Specific targeting delivery to MUC1 overexpressing tumors by albumin-chitosan nanoparticles conjugated to DNA aptamer

Background and objective : MUC1 is overexpressed on the surface of tumor cells such as breast, ovary,prostate, cervix, colon, pancreas, and lung, whereas it is expressed to a limited extent in normal cells, it is an appropriate target for chemotherapeutics[1]. Aptamers (Apt) are single-stranded RNA or DNA oligonucleotides that fold into well-defined 3-dimension structures, which are able to recognize molecules, such as phospholipids, proteins, nucleic acids, and sugars, [2].Apt show high affinity and specificity to the cell-specific receptors [3].Chitosan-coated human serum albumin nanoparticles were functionalized by MUC1 aptamer to obtain a selective drug carrier toward cancers overexpressing MUC1.Material and method: HAS-CS- APT NPs was synthesized and cellular uptake, specific targeting capacity and cytotoxicity against cells overexpressing MUC1 receptors was determined. particle size and drug loading capacity and physicochemical properties was determined.
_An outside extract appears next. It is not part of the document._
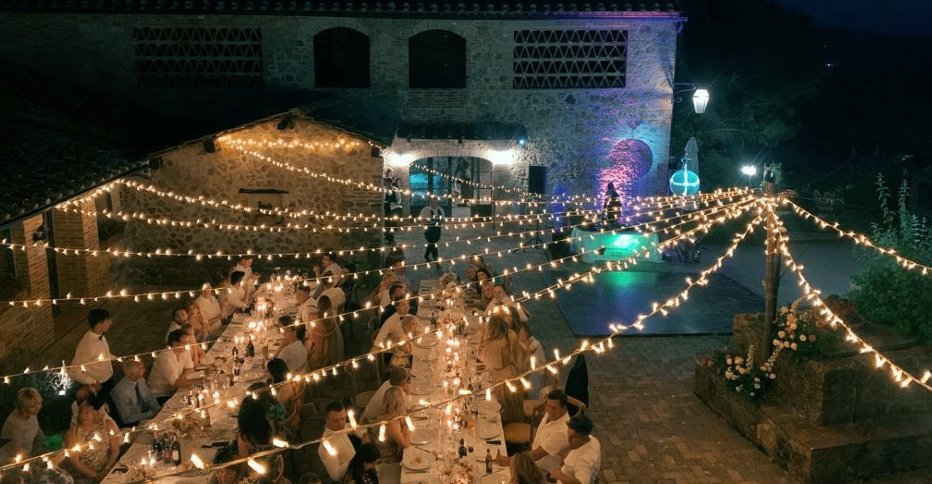 Courtyard wedding Tenuta di Papena/sleeps 24/min 3-night stay from £16,995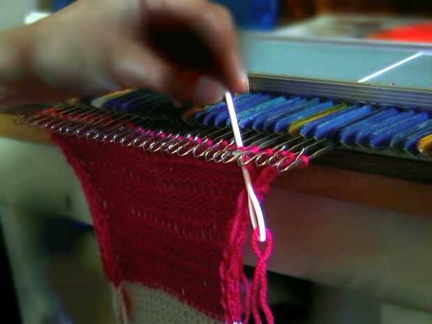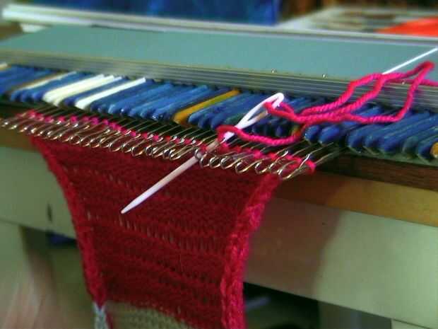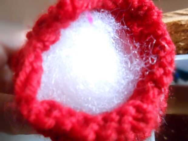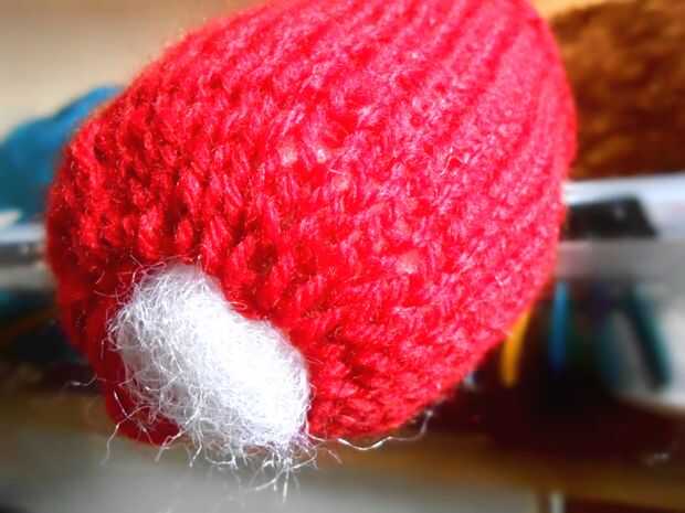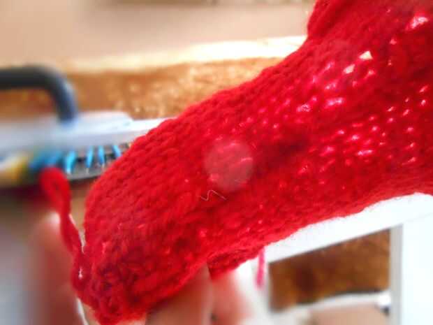 Tejer hasta tener un tipo rectangular de la forma. (Cerca de 35 filas.) Cortar una longitud cuando has llegado a la última fila. Este hilo a través de los restantes puntos de la última fila del hilo de rosca. Se reúnen bien la primera fila también. Rellenar la manzana con relleno de poliester y pin juntos la costura abierta. Coser la costura lateral con lanas o hilo con puntada invisible de Kitchner.

Also conjugation of Apt was shown with confocal microscopy.Findings: The IC50 of targeted nanoparticles was 28 and 26% of free paclitaxel in MCF7 and T47D cells at 48 h, respectively. Confocal laser scanning electron microscopy showed that aptamer conjugation and positive charge increase the cellular uptake. 66% of paclitaxel was released within 32 h, but 100% of drug was released at pH = 5.5 (similar cancer cells). The paclitaxel plasma amount was at a good level of 17.6% at 2 h for increasing the chance of cellular uptake. Particle size was less than 200 nm. The negative charges of albumin nanoparticles were shifted to positive charges by surface modification with chitosan, and MUC1 was conjugated through an acrylate spacer. The cytotoxicity of targeted nanoparticles was significantly more than non-aptamer nanoparticles, and also the chitosan-coated nanoparticles had more cytotoxic effects than the negatively charged albumin nanoparticles.Conclusion: The present research proposed a novel strategy based on nanoparticle surface modification for the specific delivery of hydrophobic anticancers to overexpressing MUC1 tumors. The HSA-CS-Apt NPs showed enhanced cellular uptake, increased specific targeting capacity, and increased cytotoxicity against cells overexpressing MUC1 receptors. The enhanced anti-tumor effect of HSA-CS-Apt NPs was attributed to the small particle size, enhanced solubility and permeation to cells, the positive charge of CS, and active targeting by Apt.